What you should do. Leave out every picture, and output exactly the lines from the line containing "A woman is taking" through the last line of the data.

Information.
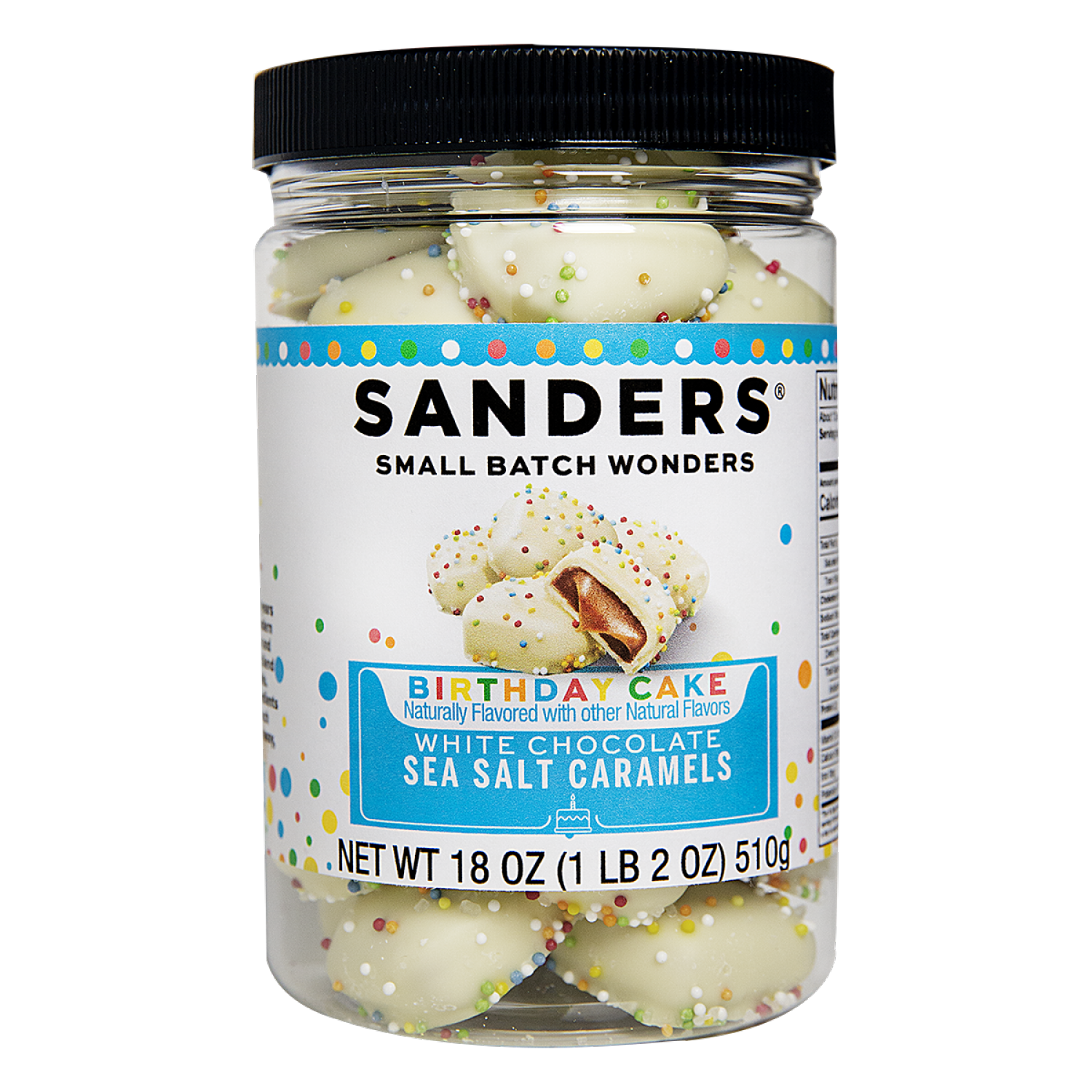 Sanders White Chocolate Sea Salt Caramels are slow cooked in small batch kettles, infused with Birthday Cake flavor then draped in premium white chocolate and sprinkled with naturally colored sprinkle…
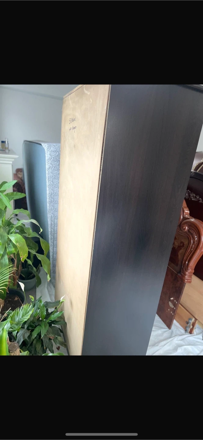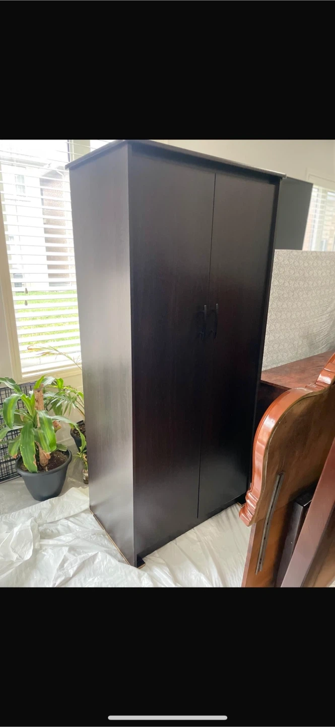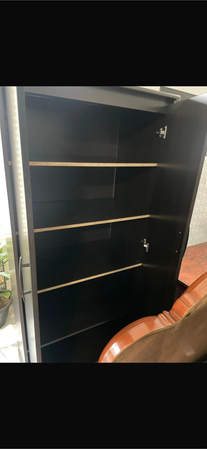 This is a dark brown two-door storage cabinet. It has three adjustable shelves inside for ample storage. Perfect for a closet or any room needing extra organization!
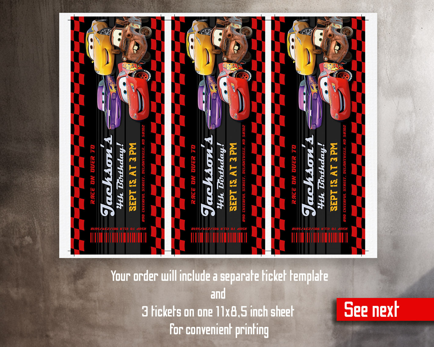 Related Tags: cars invitation, cars birthday, Lightning Mcqueen, Mcqueen invitation, racing party, cinema invite, movie party, ticket invitation, 1st 2nd 3rd bday, editable invitation, birthday invitation, printable invitation, speed race bday
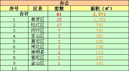 在写字楼方面,今日上海共成交61套,成交面积3871平米。其中奉贤区位居第一,成交套数25套,成交面积1339平米。松江区成交17套,位居第二。闵行区成交7套,位居第三。
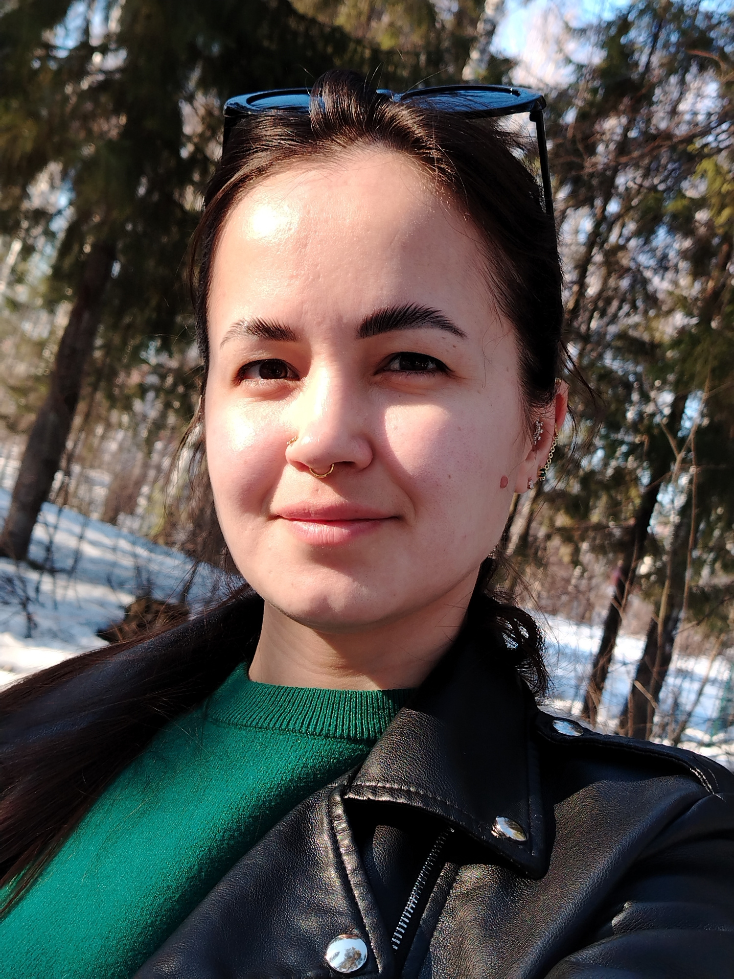 A woman is taking a selfie outdoors in what appears to be a wooded area. She is wearing a green sweater under a black leather jacket. Her dark hair is pulled back. She has a nose ring and multiple earβ¦read more
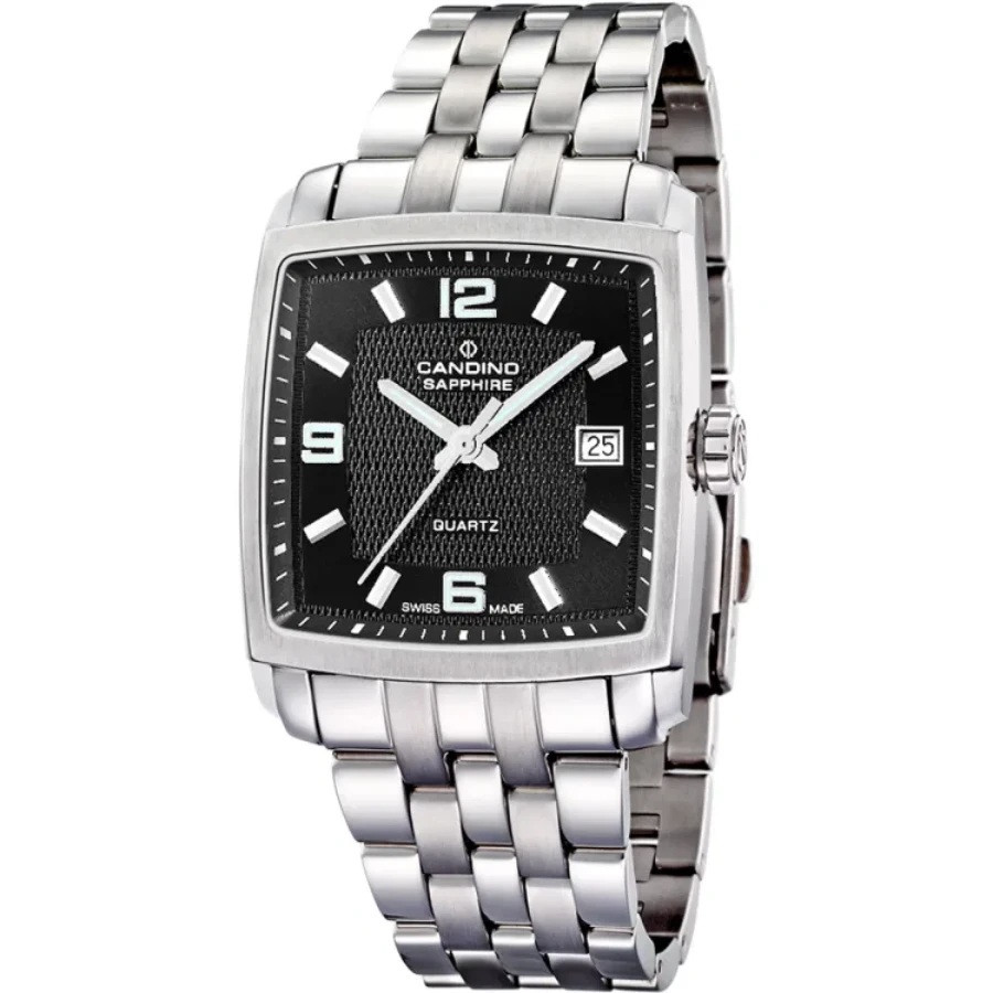 Candino C4372/M е мъжки швейцарски часовник от колекция Candino 1947, който съчетава класическа елегантност и отличим дизайн. Квадратният корпус придава модерно и различно излъчване, а черният циферблат с арабски цифри и индекси осигурява отлична четимост. Изчистената визия без хронограф го прави по-елегантен и универсален избор за ежедневие и бизнес среда. Корпусът от благородна стомана с размер 36 мм гарантира комфортно прилягане, а сапфир-кристалът предпазва от надраскване. Швейцарският кварцов механизъм осигурява надеждност и прецизност.

Response area.
 A woman is taking a selfie outdoors in what appears to be a wooded area. She is wearing a green sweater under a black leather jacket. Her dark hair is pulled back. She has a nose ring and multiple earβ¦read more
 Candino C4372/M е мъжки швейцарски часовник от колекция Candino 1947, който съчетава класическа елегантност и отличим дизайн. Квадратният корпус придава модерно и различно излъчване, а черният циферблат с арабски цифри и индекси осигурява отлична четимост. Изчистената визия без хронограф го прави по-елегантен и универсален избор за ежедневие и бизнес среда. Корпусът от благородна стомана с размер 36 мм гарантира комфортно прилягане, а сапфир-кристалът предпазва от надраскване. Швейцарският кварцов механизъм осигурява надеждност и прецизност.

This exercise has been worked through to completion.